As outlined in Olaf Czaja and Adriana Proser, Golden Visions of Densatil: A Tibetan Buddhist Monastery, New York, 2014, pp. 55-62, the surviving accounts of visitors to the monastery of Densatil, destroyed in the Cultural Revolution, reveal their admiration of the stunning treasures on the towering tashi gomang stupas. Their words resonate through the ages and place the current magnificent sculpture in its original context.

Tsongkhapa (1357-1419), founder of the Gelug school, visited Densatil at the occasion of a stupa being erected to commemorate his tutor Dragpa Jangchub (1356-1386), and proclaimed:

“Being surrounded by statues which are beautiful in all ways
On all tiers of the sides filling all directions,
Which are of sparkling lustre of a clear brilliance”.

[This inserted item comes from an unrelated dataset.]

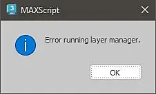 max2023 (25.0.0.997). Вот такая ошибка при каждом выходе, пока на ОК не нажмёшь - макс будет висеть в памяти. Если убрать кнопку Manage Layers с тулбара, то ошибка исчезает - но без кнопки как-то неуютно. )) Подскажите, в чём может быть дело.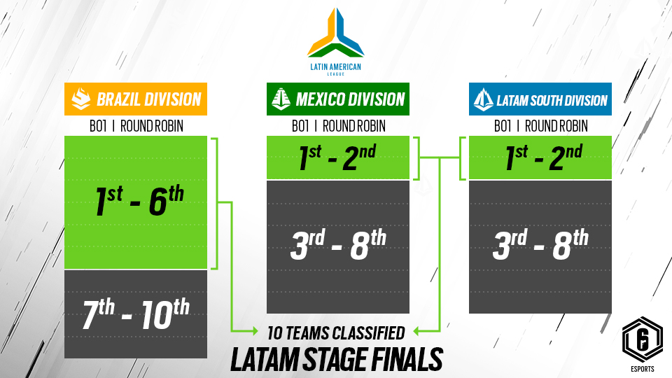 At the end of each stage, the best teams from each division advance to the LATAM League Stage Finals, a tournament that will give the top four teams the chance to qualify for one of the most prestigious Rainbow Six Siege tournaments in the world, the Six Major. Stage 1 of the Brazil Division will kick off on March 20, while Stage 1 of the Latin America South Division will start on March 19 and the Mexico Division on March 21.

Giuseppe Tucci, visiting in 1948, wrote:

“The architectural lines of those buildings were smothered with a wealth of carvings and reliefs that knew no limits. The whole Olympus of Mahayana seemed to have assembled on those monuments. As I cast the light of my torch on the chortens, the several figures sprang into life, glittering with gold outlines and set off by darker hues and deep shadows”.